Block Storage Issues Across All Regions
Incident Report for DigitalOcean
Postmortem

The Incident

On Monday September 30th, 2019, customers of our Volumes Block Storage product experienced an outage between 20:46 UTC and 23:58 UTC. Specifically, the impacted regions were: AMS3, BLR1, LON1, NYC3, and TOR1. Some clusters remained unaffected through this event, which allowed partial service for volumes residing on the unaffected clusters. Individual volumes may have experienced a shorter outage.

The outage was triggered as a result of a networking configuration change on the Block Storage clusters to improve handling packet loss scenarios. The new setting caused incompatibilities, which led to network interfaces becoming unavailable. Once alerted to the outage, our engineering teams responded by rolling back the configuration change, and then resetting the network interfaces across all affected cluster nodes.

Because DigitalOcean Kubernetes Service (DOKS) leverages Volumes Block Storage, consumers of the Kubernetes API, including customers and services within the cluster, would also have experienced an outage or degraded access. Among other impacts, this would have prevented the scheduling and modification of workloads in the cluster. Additionally, customer applications using Kubernetes Persistent Volumes are backed by DigitalOcean Volumes Block Storage and would have been impacted.

Timeline of Events

20:40 UTC - New networking configuration change goes live into production.

20:54 UTC - Block Storage SLO based alerts received.

20:54 - 21:05 UTC - Pattern of cluster throughput dips established for many clusters, with the new networking configuration change identified as likely culprit. Incident channel spun up.

21:08 UTC - DigitalOcean receives customer reports of performance degradation for Volumes attached to Droplets.

21:17 UTC - DigitalOcean Kubernetes cluster availability alerts > 1% of clusters are in a degraded state (Kubernetes API fails to respond).

21:22 UTC - Network configuration change rolled back.

22:29 UTC - BLR1 Block Storage fully recovered.

23:02 UTC - TOR1 Block Storage fully recovered.

23:11 UTC - LON1 Block Storage fully recovered.

23:31 UTC - NYC3 Block Storage fully recovered.

23:43 UTC - AMS3 Block Storage fully recovered.

23:58 UTC - FRA1 Block Storage fully recovered.

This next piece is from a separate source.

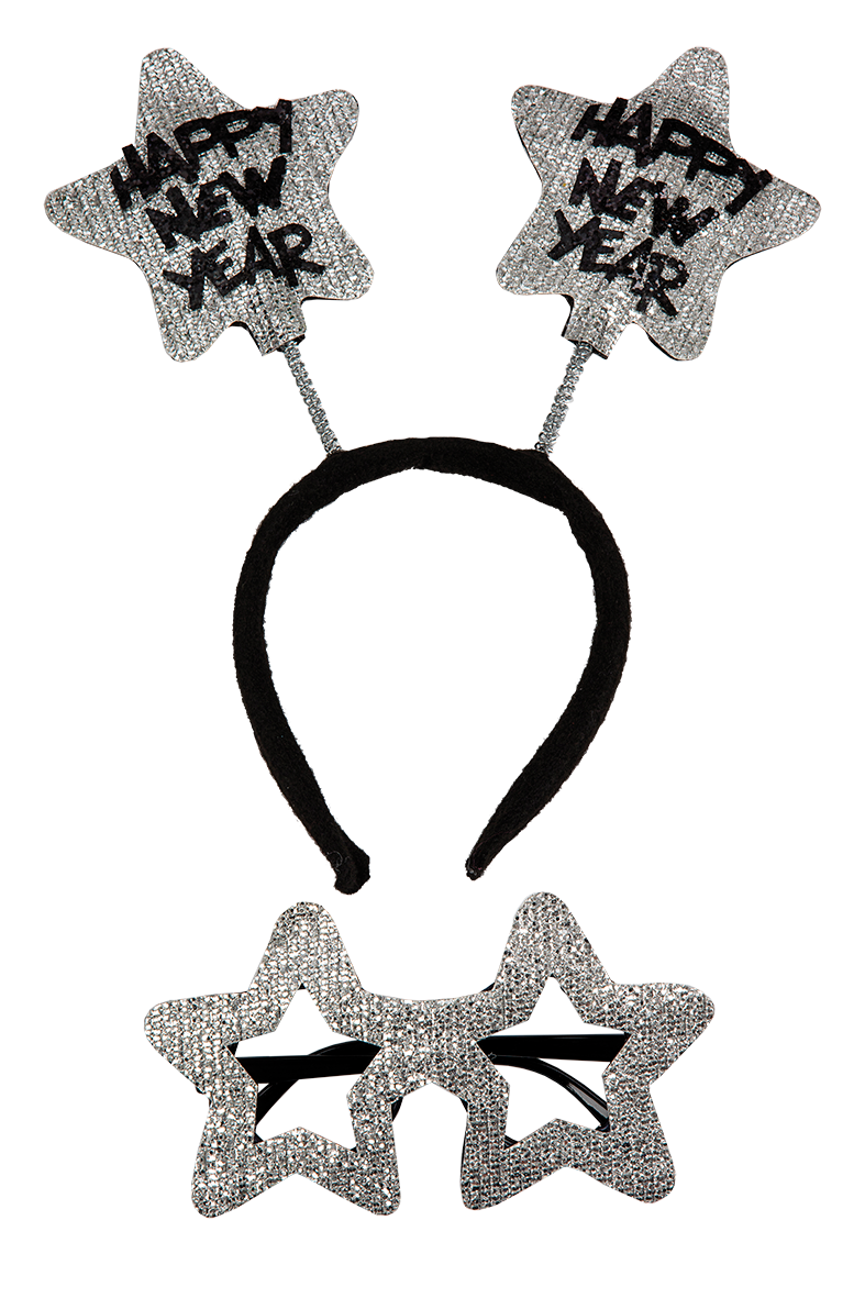 Happy New Year pääpanta ja tähtilasit

23:58 UTC - The Block Storage infrastructure is fully recovered across all regions and status is updated to reflect that Engineering is monitoring the fix.

Future Measures

Efforts continue to find the incompatibility in the networking configuration change. Additionally, we are exploring improvements to our tools and processes to facilitate a finer grained, more incremental deployment method for wide, system-level changes.

In Conclusion

The stability of our platform and services is incredibly important to us, and we sincerely apologize for the impact and duration of this outage. Customers who have had their Volumes Block Storage impacted by this outage will receive a credit applied towards their next billing cycle.

Posted 18 days ago. Oct 04, 2019 - 15:42 UTC

Resolved
Our engineering team has resolved the issues with Block Storage. All systems should now be operating normally. If you continue to experience problems, please open a ticket with our support team. We apologize for any inconvenience.
Posted 21 days ago. Oct 01, 2019 - 03:41 UTC
Update
Our engineering team has resolved the issues with Block Storage. All systems should now be operating normally. If you continue to experience problems, please open a ticket with our support team. We apologize for any inconvenience.
Posted 21 days ago. Oct 01, 2019 - 01:38 UTC
Monitoring
Our engineering team has implemented a fix to resolve the issue with Block Storage and Kubernetes clusters and is monitoring the situation. We will post an update as soon as the issue is fully resolved.
Posted 22 days ago. Sep 30, 2019 - 23:59 UTC
Update
Our engineering team has identified an issue with Block Storage across all regions. During this time you may experience higher latency with our Volume Service. We apologize for the inconvenience and will share an update once we have more information and will be sure to update this as individual regions come back online.
Posted 22 days ago. Sep 30, 2019 - 23:27 UTC
Update
Our engineering team has identified an issue with Block Storage across all regions. During this time you may experience higher latency with our Volume Service. We apologize for the inconvenience and will share an update once we have more information.
Posted 22 days ago. Sep 30, 2019 - 23:04 UTC
Update
Our engineering team has identified an issue with Block Storage across all regions. During this time you may experience higher latency with our Volume Service. We apologize for the inconvenience and will share an update once we have more information.
Posted 22 days ago. Sep 30, 2019 - 22:55 UTC
Identified
Our engineering team has identified an issue with Block Storage across all regions. During this time you may experience higher latency with our Volume Service. We apologize for the inconvenience and will share an update once we have more information.
Posted 22 days ago. Sep 30, 2019 - 21:25 UTC
This incident affected: Regions (AMS2, AMS3, BLR1, FRA1, LON1, NYC1, NYC2, NYC3, SFO1, SFO2, SGP1, TOR1) and Services (Block Storage).